My right hand was slick with blood and my gun slipped out of my grip and landed on the floor. I grabbed the grendel with both hands, trying to keep it away from my face, its squirming body cold and slick in my hands. I held it out away from me as it twisted and wriggled to get at me. I gripped it tighter. It squealed. So did I.

It took both of my hands and all of my strength just to hold on to the thing. I wanted to kill it. I needed to kill it, but if I let go, just with one hand, even for an instant, the grendel would be at my throat, claws and the barbed spurs that curved from its bony heels slicing me to ribbons.

If I was lucky, I’d bleed to death before the whole pack started to eat me.
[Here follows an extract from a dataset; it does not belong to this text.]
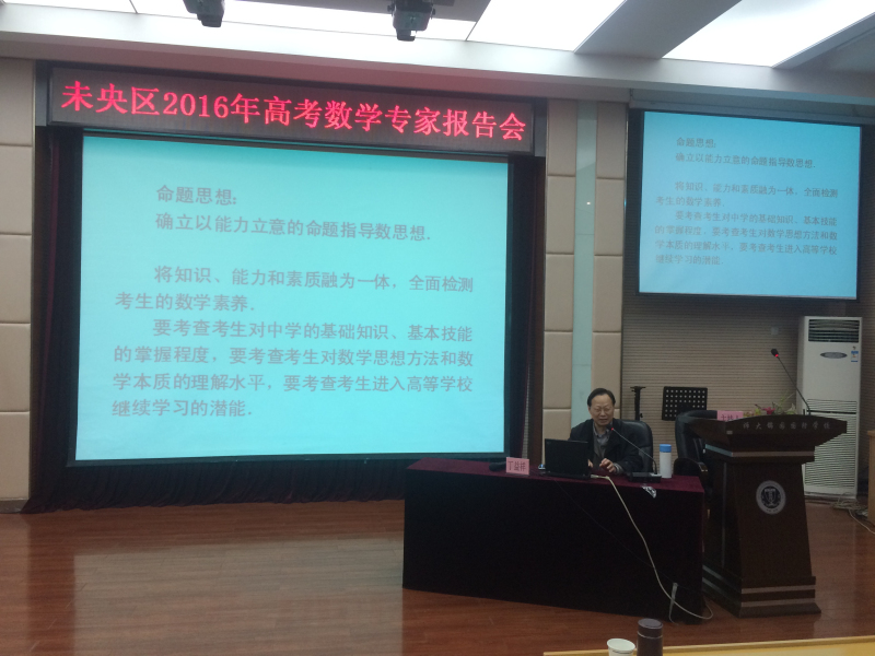 2016年3月17日,未央区2016年高考专家报告会(数学组)在陕西师范大学锦园小学报告厅举行。未央区全体高三数学教师及部分外区县数学教师100余人聆听了报告会。我校数学教师宋心茹、杜薇、赵琳、高欢、武斌、郑欣代表高三数学备课组参会。

I didn’t dare turn to check on Ian, but gunfire and squealing grendels told me he was at least holding his own.

Which was better than I was doing.

I threw the grendel, slamming it into the wall. Not even dazed, it clung there, defying gravity and then physics as it scampered up the wall and across the ceiling like a freaking gecko, launching itself again at my face with chittering glee.

It exploded in a single bullet-induced spray of pink mere inches from my face.

Ian.

Ian had looked away from the grendels attacking him to help me. It was the opening the things had been waiting for.

They swarmed him.

Then I saw it. Recessed in the wall was one of those fire hose boxes—with an ax.

I scrabbled and stumbled toward it, clawing desperately to get the glass door open, my hands fumbling at the handle. I got it open and pulled at the ax.

It was latched to the back wall of the case.

I screamed in terror and frustration.

A grendel dropped from the ceiling onto my shoulders, and I fell forward into the coiled fire hose. The whole thing came loose, wrapping me in hose. The nozzle came free last, hitting me in the head. I grabbed at the nozzle and the grendel that was holding on to both it and me.

And somehow I turned on the water.

Instantly a blast as big as my arm shot from the end of that nozzle, the water pressure slamming the grendel that’d been holding on to it into the far wall. The hose whipped around me like I was wrestling the world’s biggest snake, knocking me to the floor, sending the spray to the ceiling, walls, and floor. I held on to the nozzle for dear life, and aimed it directly at the grendels swarming Ian.

The water blasted the grendels and sent them rolling down the hall, end over end. Then as quick as they’d come, they vanished.

I loosened my grip on the nozzle, releasing the lever that I’d been holding down, and the hose slowly deflated. I was sprawled in the middle of the hall, soaked to the skin, teeth chattering, and gasping for what air I could find. I still clutched the nozzle in a double-fisted, white-knuckled grip. Ian climbed to his feet and staggered over to me, dripping blood from multiple wounds, and dropped into the puddle by my side.

“Nice shootin’, Annie Oakley.”

I tried to suck in enough air to make words. I finally just gave up and nodded.

Sandra Niles and her team came charging down the hall, guns held at the ready.

Ian stood. I staggered to my feet.

Sandra’s sharp, dark eyes were taking in everything at once. “Where are they?”

For all that, there were only two dead grendels on the wet floor. That meant there were at least nine others in the complex. Though if my doppelganger had Tarbert’s device, there was no telling how many eggs she’d brought in.

SPI headquarters had been turned into a monster nursery.